Dataset records:
● ● ● ● ● ● ●
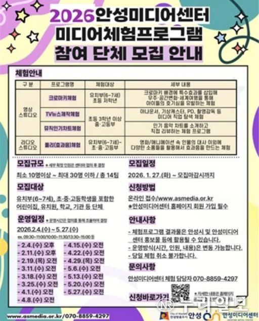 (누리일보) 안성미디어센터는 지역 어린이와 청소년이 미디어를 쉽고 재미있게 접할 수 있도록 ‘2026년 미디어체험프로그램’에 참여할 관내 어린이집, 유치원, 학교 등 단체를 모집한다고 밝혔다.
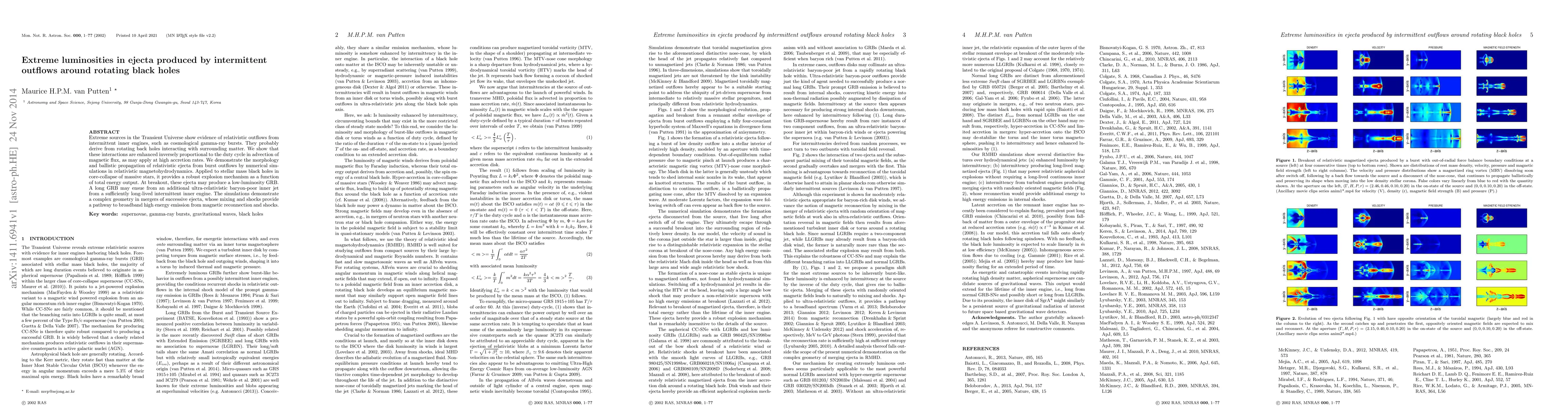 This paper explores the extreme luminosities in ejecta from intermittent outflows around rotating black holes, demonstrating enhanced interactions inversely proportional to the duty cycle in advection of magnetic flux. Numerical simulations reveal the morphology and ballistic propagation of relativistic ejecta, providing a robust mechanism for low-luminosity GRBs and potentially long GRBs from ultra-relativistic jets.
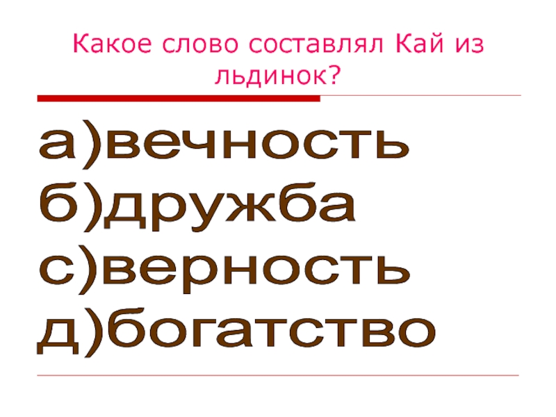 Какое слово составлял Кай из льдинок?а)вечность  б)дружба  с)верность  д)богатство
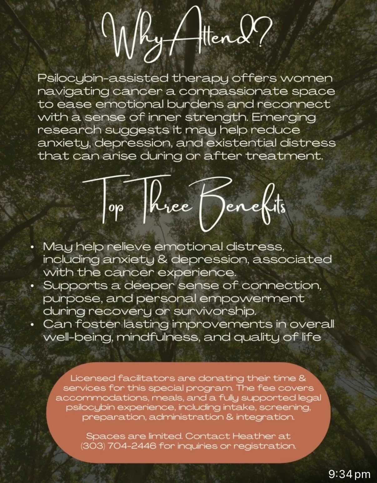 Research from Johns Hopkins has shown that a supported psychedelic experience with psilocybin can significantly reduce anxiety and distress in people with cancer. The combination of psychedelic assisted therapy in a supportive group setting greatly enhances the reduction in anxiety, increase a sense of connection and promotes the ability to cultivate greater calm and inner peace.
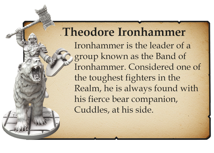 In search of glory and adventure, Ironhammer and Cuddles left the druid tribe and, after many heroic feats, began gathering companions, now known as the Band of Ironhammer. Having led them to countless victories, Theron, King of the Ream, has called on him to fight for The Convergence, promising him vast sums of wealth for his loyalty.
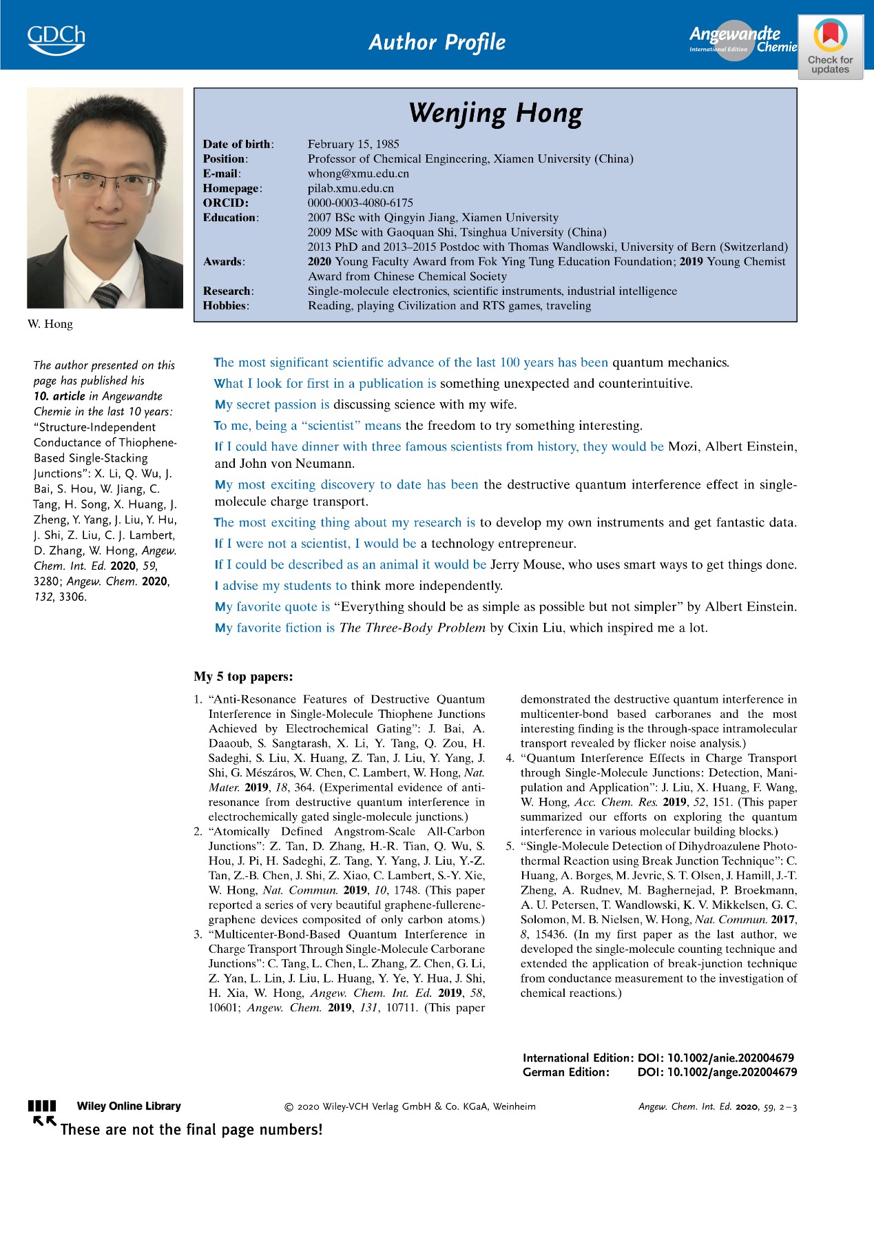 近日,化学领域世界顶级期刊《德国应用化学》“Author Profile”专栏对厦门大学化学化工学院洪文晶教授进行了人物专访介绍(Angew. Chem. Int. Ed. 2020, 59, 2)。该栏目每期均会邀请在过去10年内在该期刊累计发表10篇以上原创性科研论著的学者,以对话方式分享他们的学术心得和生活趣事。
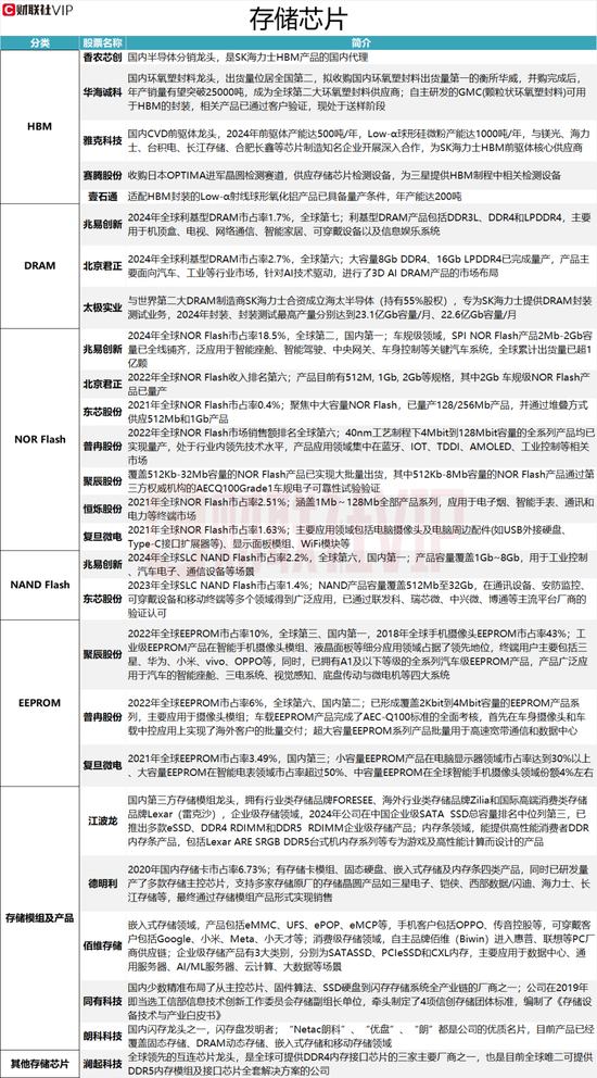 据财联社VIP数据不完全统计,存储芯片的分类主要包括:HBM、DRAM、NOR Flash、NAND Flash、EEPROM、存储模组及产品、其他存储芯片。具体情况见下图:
● ● ● ● ● ● ●
TASK STATEMENT:
Transcribe all lines above exactly, skipping pictures.

RESPONSE AREA:
 (누리일보) 안성미디어센터는 지역 어린이와 청소년이 미디어를 쉽고 재미있게 접할 수 있도록 ‘2026년 미디어체험프로그램’에 참여할 관내 어린이집, 유치원, 학교 등 단체를 모집한다고 밝혔다.
 This paper explores the extreme luminosities in ejecta from intermittent outflows around rotating black holes, demonstrating enhanced interactions inversely proportional to the duty cycle in advection of magnetic flux. Numerical simulations reveal the morphology and ballistic propagation of relativistic ejecta, providing a robust mechanism for low-luminosity GRBs and potentially long GRBs from ultra-relativistic jets.
 Какое слово составлял Кай из льдинок?а)вечность  б)дружба  с)верность  д)богатство
 Research from Johns Hopkins has shown that a supported psychedelic experience with psilocybin can significantly reduce anxiety and distress in people with cancer. The combination of psychedelic assisted therapy in a supportive group setting greatly enhances the reduction in anxiety, increase a sense of connection and promotes the ability to cultivate greater calm and inner peace.
 In search of glory and adventure, Ironhammer and Cuddles left the druid tribe and, after many heroic feats, began gathering companions, now known as the Band of Ironhammer. Having led them to countless victories, Theron, King of the Ream, has called on him to fight for The Convergence, promising him vast sums of wealth for his loyalty.
 近日,化学领域世界顶级期刊《德国应用化学》“Author Profile”专栏对厦门大学化学化工学院洪文晶教授进行了人物专访介绍(Angew. Chem. Int. Ed. 2020, 59, 2)。该栏目每期均会邀请在过去10年内在该期刊累计发表10篇以上原创性科研论著的学者,以对话方式分享他们的学术心得和生活趣事。
 据财联社VIP数据不完全统计,存储芯片的分类主要包括:HBM、DRAM、NOR Flash、NAND Flash、EEPROM、存储模组及产品、其他存储芯片。具体情况见下图:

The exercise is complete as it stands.